/cardographer-jupyter

Cardographer platform, explorations with Jupyter

Primary LanguageJupyter Notebook

Cardographer Jupyter explorations

Some explorations with Jupyter for analysing Cardographer usage data.

Getting started with Jupyter

Python & Jupyter

If you already use python then hopefully you know how you want to use python virtual environments, etc., so I'll leave that to you. If you don't already use python then...

It may be that Anaconda is the best place to start as it includes pandas and numpy, which should be useful for data analysis - see pandas install notes.

In theory Anaconda should be easier, but will need more space (1GB?) Anaconda installation. Alternatively something using miniconda will be smaller but more complicated to set up.

Install miniconda. Then, in a terminal,

conda create -n jupyter
source activate jupyter
conda install pandas

Install jupyter:

conda install -c conda-forge notebook
conda install -c conda-forge nb_conda_kernels
conda install -c conda-forge jupyter_contrib_nbextensions
# modules we are specifically using...
conda install -c conda-forge openpyxl matplotlib librosa
conda install pip

Run jupyter

Note, each time you open a new terminal you will need to switch to the 'jupyter' environment before you can do the other bits...

source activate jupyter

Then run Jupyter:

jupyter notebook

A browser should open showing a view of your home directory. Navigate to this directory.

Open, e.g. mixedreality_analysis1.

Creating a new python notebook

From the New dropdown select Python 3 (ipykernel). Rename the document (note, this is the filename).

The Data

There is some example data in data/. The initial example uses the "Detail" export, but not the "split", so all frames in one session appear in the same column.

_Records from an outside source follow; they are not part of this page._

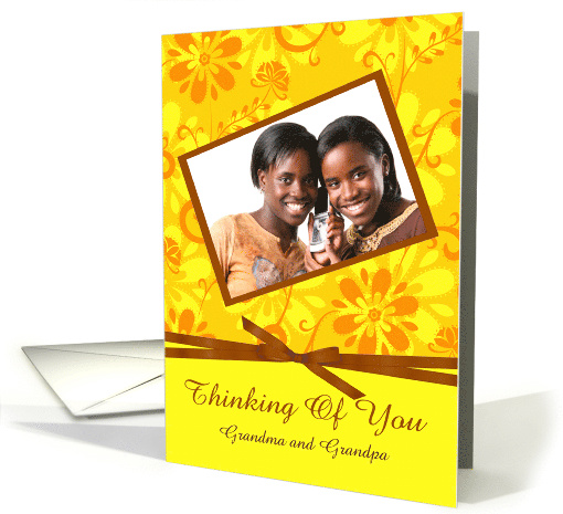 | Artist Notes: | A Thinking Of You photo card with a brown frame for you to place your photo in. Background is a pretty yellow and gold flower pattern with a brown bow and text. Front also has a text box for you to personalize it whatever way you choose. Example grandma and grandpa. Inside like all GCU can be personalized by you if you wish to give it your own personal touch. |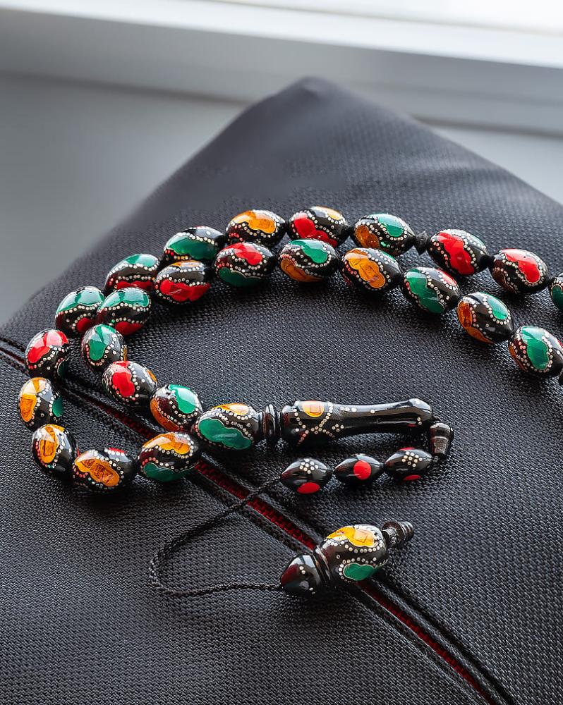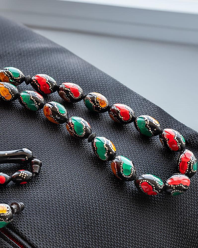سبحة من خشب الكوك الطبيعي مزخرفة بالفضة الخالصة مزينة حجر ملاكيت وشبيه الكهرمان والمرجان , بتقطيع بيضاوي متجانس ناعمة الملمس، صممت لإظهار اناقة مالكها، تتميز بحقيقة احتفاظها برائحة العطر مدة طويلة. من السبح الأكثر شهرة المميزة بخشبها الذي يستمر لوقت طويل حاملا نفس جودتها بها 33 خرزه 9 ملم وزنها 35 جرام ، جميلة وانيقة ورسمية في لونها ومظهرها لإطالة مميزة لتناسب جميع الاذواق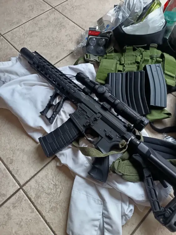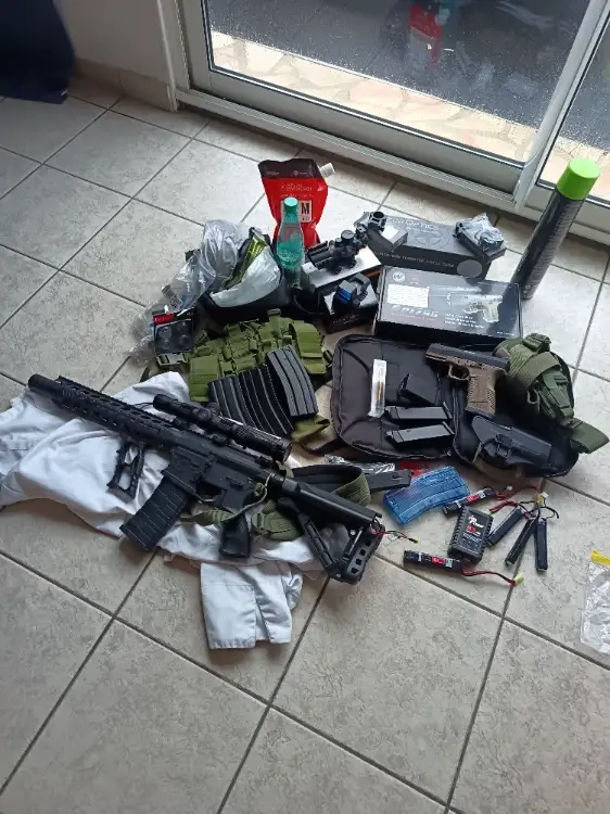 red dot, véritables lunettes militaires et tout ce qu'on voit sur la photo.

The first column is card ID.

The other column names are (currently) Cardographer web platform session ID. Appending that string to the URL [https://cardographer.cs.nott.ac.uk/platform/user/session/](https://cardographer.cs.nott.ac.uk/platform/user/session/ may give you information about the session (if you have permission).

Working the data

See mixedreality_analysis1.

So far this loads the data as a Pandas dataframe, parses the JSON values and flattens the detail export array to give a list of frame titles and box names that the card is used in.

There are then a set of basic analyses which count how many groups use each card in the six main boxes on the board.